■ Task to complete:
Every line of the entries below that mentions "solar" is to be copied out.

■ Information supplied:
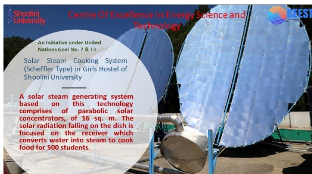
Fig 3a Concentrated solar powered community steam cooking system

The solar radiation falling on the dish, is concentrated onto a receiver, which heats the water and convert into steam to cook food for 500 girl students residing in the hostel saving about 2 LPG gas cylinders every day thus saving conventional fuel and money. The system is also used as a research facility by the PhD student to design and monitor the performance of the CSP system.
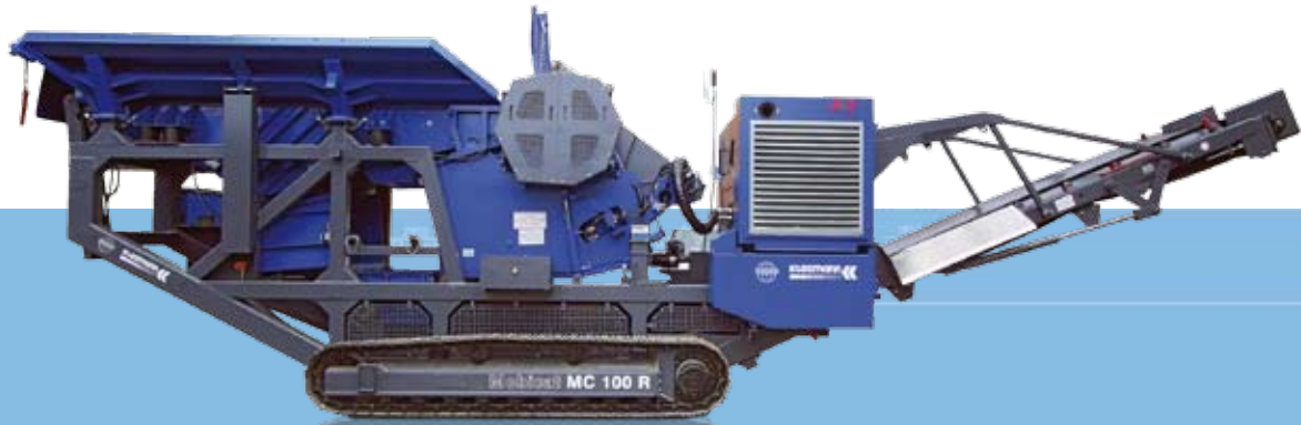
Side view MC 100 R transport position
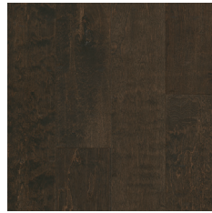
Penn's Woods 5-3/4" EBAS65L03HEE
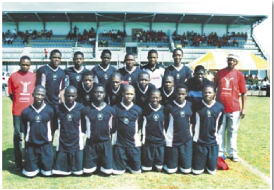
The winning team: Boys High School

Local food stall owners in Galeshewe sold their products at the stadium
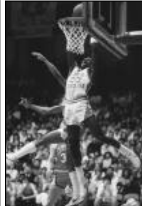
Michael Jordan led Carolina to an 88-13 record and a 1982 NCAA championship in his three seasons in Chapel Hill.
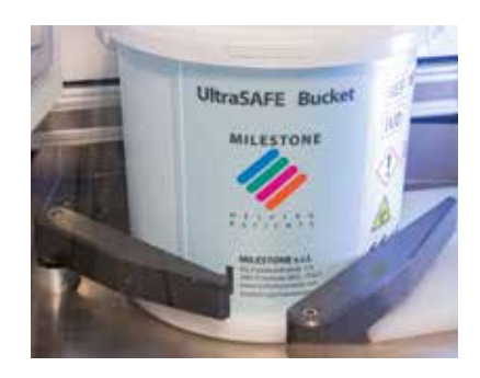
The bucket is automatically centered and the weight of the biospecimen is detected
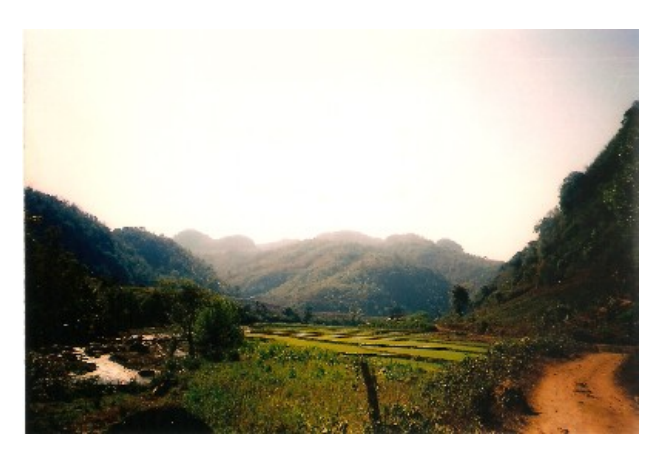
Fields and hills in western Sipsongpanna

An American researcher examines how the requirements of political assimilation have threatened the unique culture of China's Tai minority, and the Tai response.
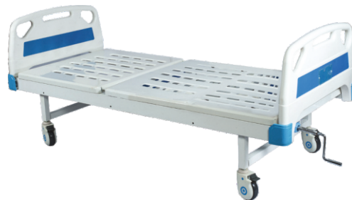
Model No 142 MANUAL SEMI FOWLER BACKREST BED 1 FUNCTION (DELUXE)

■ Solution to this task:
Fig 3a Concentrated solar powered community steam cooking system
The solar radiation falling on the dish, is concentrated onto a receiver, which heats the water and convert into steam to cook food for 500 girl students residing in the hostel saving about 2 LPG gas cylinders every day thus saving conventional fuel and money. The system is also used as a research facility by the PhD student to design and monitor the performance of the CSP system.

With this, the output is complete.